Formerly known as the Wolfram High School Summer Camp

Bentley University, Boston, MA June 25–July 13, 2024

Alumni

Matias Shundi

Class of 2019

Bio

Matias Shundi is a rising senior at Chapel Hill High School in North Carolina. As a highly advanced and hard-working student in math, physics, and computer science, Matias has been dual-enrolled and is taking many classes at the University of North Carolina at Chapel Hill, having currently worked his way up to graduate-level courses. He is the president of his school's math club, and participates in many math competitions, where he has consistently been a top performer at the state and national level. His hobbies include playing chess—where he is a one-time state champion—and scrabble—where he has finished in 2nd place twice and 3rd place once in the North American School Scrabble Championship. He enjoys playing sports, with his favorites being basketball and tennis. He is very passionate about computer science and math, and hopes to continue exploring these fields.

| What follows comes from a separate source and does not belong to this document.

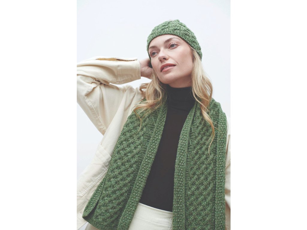 Šála z merino vlny vychází z tradičního irského úpletu. Střed tvoří motiv trellisu a po stranách jej doplňuje vzor známý jako Tree of Life, který se pojí s představou propojení a ochrany.

Project: Creating Phylogenetic Graphs of Programming Languages with Machine Learning

Goal

Phylogenetic trees are meant to show evolutionary relationships between species, and versions exist that show historical developments of programming languages. However, these relationships aren't always the most indicative in terms of how similar syntaxes are, and they are limited as graphs. This project's goal was to develop graphs that show relationships between computer languages based off of syntactical factors instead of historical factors. The value in such a graph would be not only showing relationships but providing insight on what languages might be most natural to learn for someone who knows a given language, and it would show what some of the easiest orders to learn languages would be. It also would give more insight into the potential of machine learning to determine such relationships.

Summary of Results

The result was functions that would generate graphs for a list of languages, showing all connections having strength above a specified threshold and having the thickness of edges correspond to their strengths. Relationships between programming languages were determined by how often a machine-learning classifier would confuse languages for each other. On the graph, an arrow from A to B means that B gets confused for A, and someone who knows language A would therefore find it easier to learn language B. Few pairs of languages exist that have strong connections going both ways. All data used came from Rosetta Code, which provides tasks written in different program languages. Individual programs were scraped off of the website by using Mathematica to parse the HTML. This data was saved once extracted, as there were close to 1,000 languages and almost 1,000 unique programming tasks. A dataset would be made with programs of all languages that were going to be in the graph. The benefit of using Rosetta Code was that most of the data was of programs doing the same task but coded in different languages. A machine-learning classifier would train and test on parts of the data, and confusion between languages would indicate a relationship, with higher amounts of confusion corresponding to a stronger relationship. The two main functions created were one that creates a manipulable graph and one that creates a static graph. Both take in either an integer representing the top n languages or a string of space-separated languages. This determines what languages to include in the graph. The manipulable graph allows the user to change the threshold of the edge strength and the graph layout, while the static graph requires that these two are passed as parameters beforehand.

Future Work

The results from the generated graphs were reasonable and promising, suggesting that similar methods could be used for larger datasets and fields. While the historical influences of programming languages on each other are relatively well known, this could potentially help in finding relationships in writing, music and even art, both in the past and in the present. Machine learning is capable of handling larger amounts of data than what is available with computer languages, and it would likely scale well for these broader fields.